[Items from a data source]
++++++++++

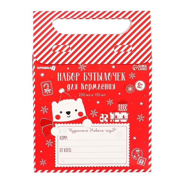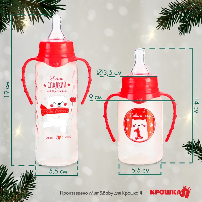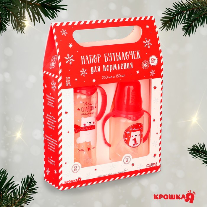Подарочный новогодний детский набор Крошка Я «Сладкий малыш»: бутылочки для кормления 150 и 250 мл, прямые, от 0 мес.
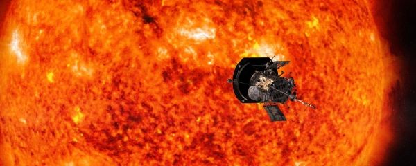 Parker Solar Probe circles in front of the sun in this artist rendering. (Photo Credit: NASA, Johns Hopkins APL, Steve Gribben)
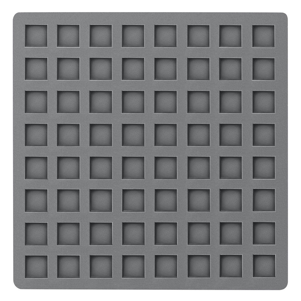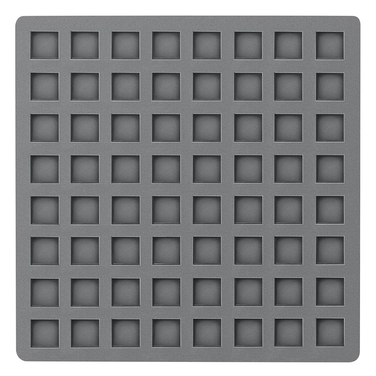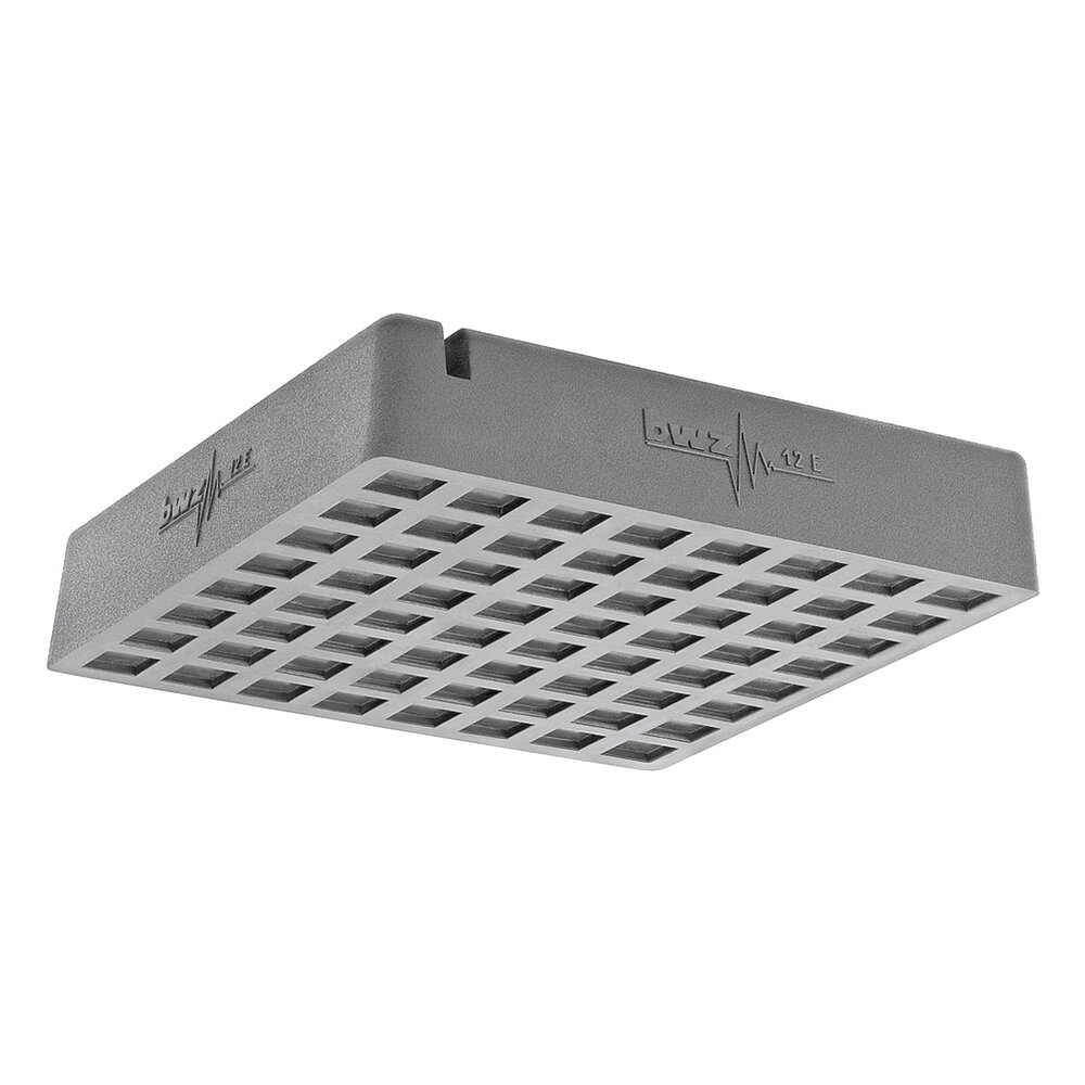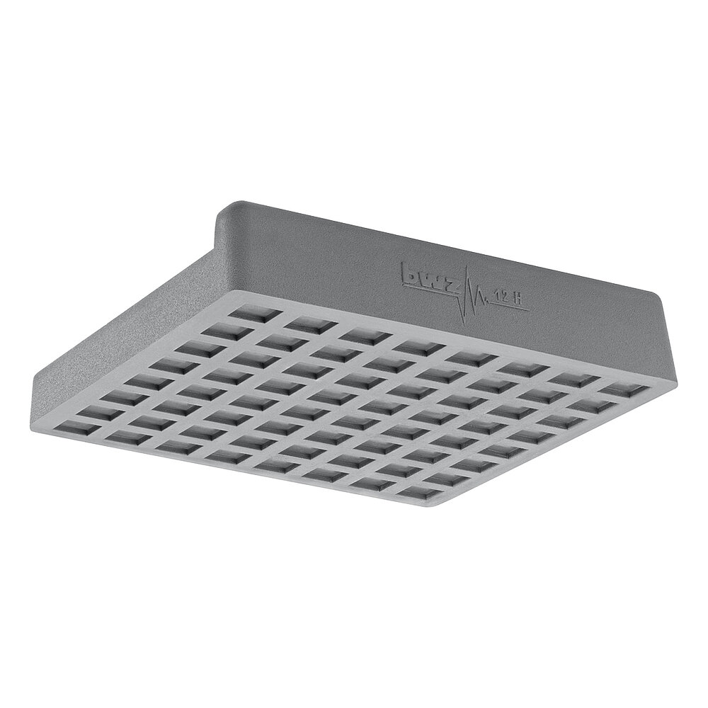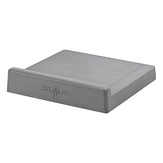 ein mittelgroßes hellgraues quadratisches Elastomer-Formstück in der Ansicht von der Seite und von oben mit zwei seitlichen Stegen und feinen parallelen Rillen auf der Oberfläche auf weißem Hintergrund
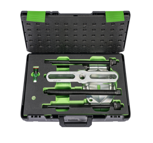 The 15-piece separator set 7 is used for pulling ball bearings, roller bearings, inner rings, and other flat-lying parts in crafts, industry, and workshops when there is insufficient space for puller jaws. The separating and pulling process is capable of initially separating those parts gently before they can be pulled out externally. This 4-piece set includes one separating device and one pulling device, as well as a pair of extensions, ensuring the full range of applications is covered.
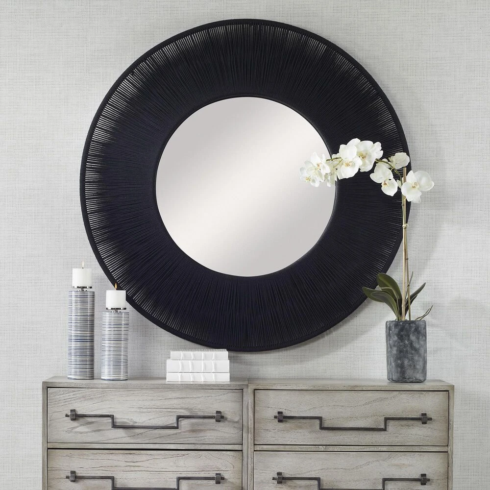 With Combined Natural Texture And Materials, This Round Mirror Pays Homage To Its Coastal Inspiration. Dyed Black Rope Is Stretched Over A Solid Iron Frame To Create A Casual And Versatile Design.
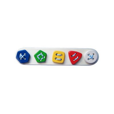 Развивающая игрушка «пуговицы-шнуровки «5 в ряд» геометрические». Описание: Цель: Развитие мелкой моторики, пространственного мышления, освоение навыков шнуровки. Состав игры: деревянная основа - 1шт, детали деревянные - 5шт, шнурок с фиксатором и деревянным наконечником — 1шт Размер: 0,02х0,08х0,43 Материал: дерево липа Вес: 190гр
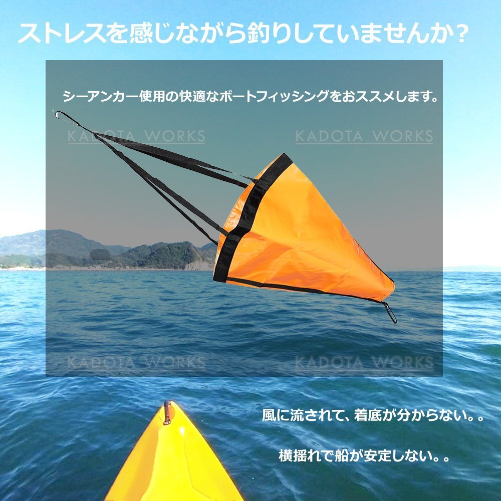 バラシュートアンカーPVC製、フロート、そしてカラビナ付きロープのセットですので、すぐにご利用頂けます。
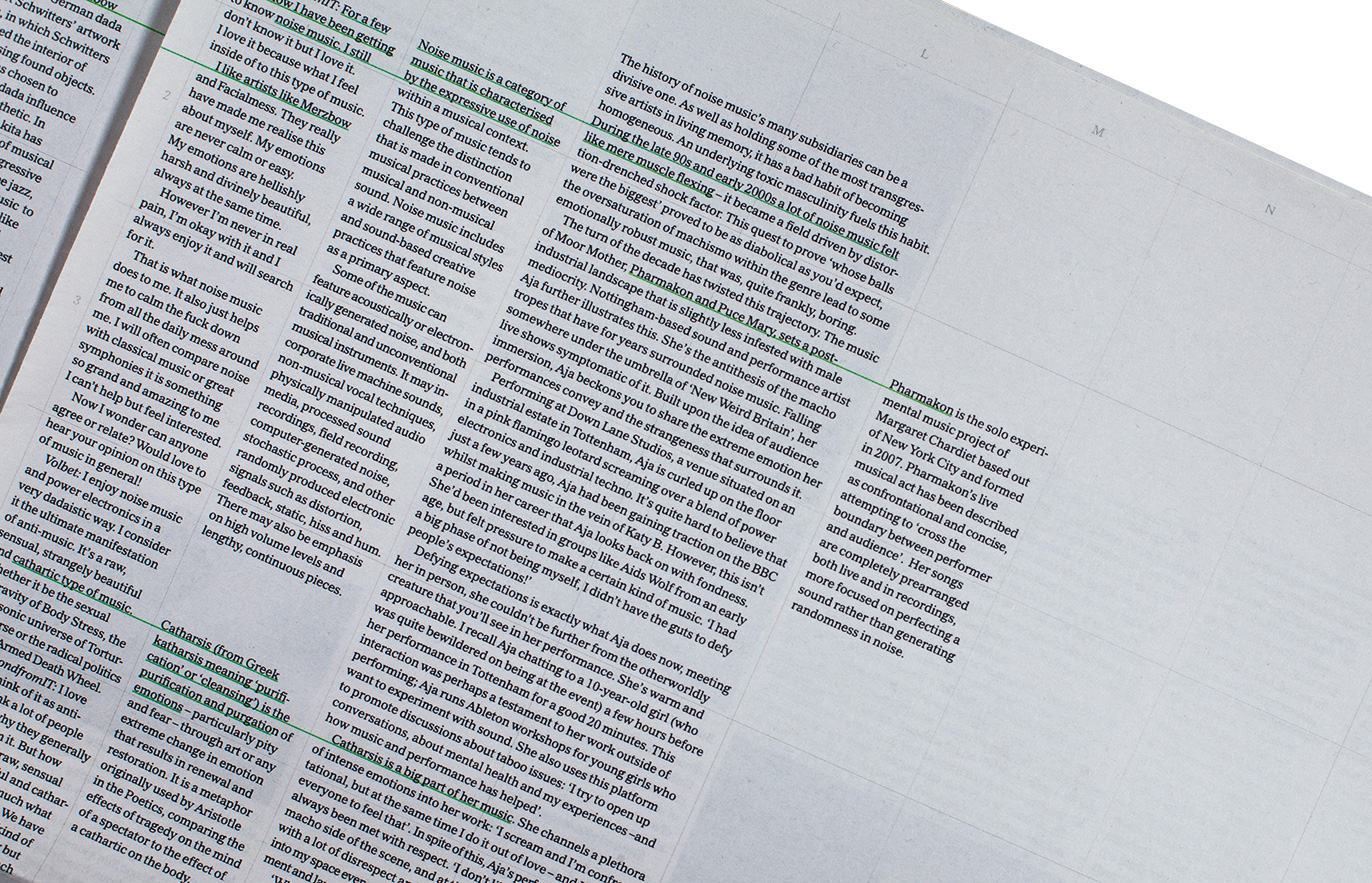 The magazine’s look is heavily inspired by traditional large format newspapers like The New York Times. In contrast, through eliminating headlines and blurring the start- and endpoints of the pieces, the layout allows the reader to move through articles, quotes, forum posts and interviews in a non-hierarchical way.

++++++++++

◆ **REQUIRED ACTION**
Repeat every line above exactly, minus the pictures.

◆ **EXERCISE SOLUTION**
Подарочный новогодний детский набор Крошка Я «Сладкий малыш»: бутылочки для кормления 150 и 250 мл, прямые, от 0 мес.
 Parker Solar Probe circles in front of the sun in this artist rendering. (Photo Credit: NASA, Johns Hopkins APL, Steve Gribben)
 ein mittelgroßes hellgraues quadratisches Elastomer-Formstück in der Ansicht von der Seite und von oben mit zwei seitlichen Stegen und feinen parallelen Rillen auf der Oberfläche auf weißem Hintergrund
 The 15-piece separator set 7 is used for pulling ball bearings, roller bearings, inner rings, and other flat-lying parts in crafts, industry, and workshops when there is insufficient space for puller jaws. The separating and pulling process is capable of initially separating those parts gently before they can be pulled out externally. This 4-piece set includes one separating device and one pulling device, as well as a pair of extensions, ensuring the full range of applications is covered.
 With Combined Natural Texture And Materials, This Round Mirror Pays Homage To Its Coastal Inspiration. Dyed Black Rope Is Stretched Over A Solid Iron Frame To Create A Casual And Versatile Design.
 Развивающая игрушка «пуговицы-шнуровки «5 в ряд» геометрические». Описание: Цель: Развитие мелкой моторики, пространственного мышления, освоение навыков шнуровки. Состав игры: деревянная основа - 1шт, детали деревянные - 5шт, шнурок с фиксатором и деревянным наконечником — 1шт Размер: 0,02х0,08х0,43 Материал: дерево липа Вес: 190гр
 バラシュートアンカーPVC製、フロート、そしてカラビナ付きロープのセットですので、すぐにご利用頂けます。
 The magazine’s look is heavily inspired by traditional large format newspapers like The New York Times. In contrast, through eliminating headlines and blurring the start- and endpoints of the pieces, the layout allows the reader to move through articles, quotes, forum posts and interviews in a non-hierarchical way.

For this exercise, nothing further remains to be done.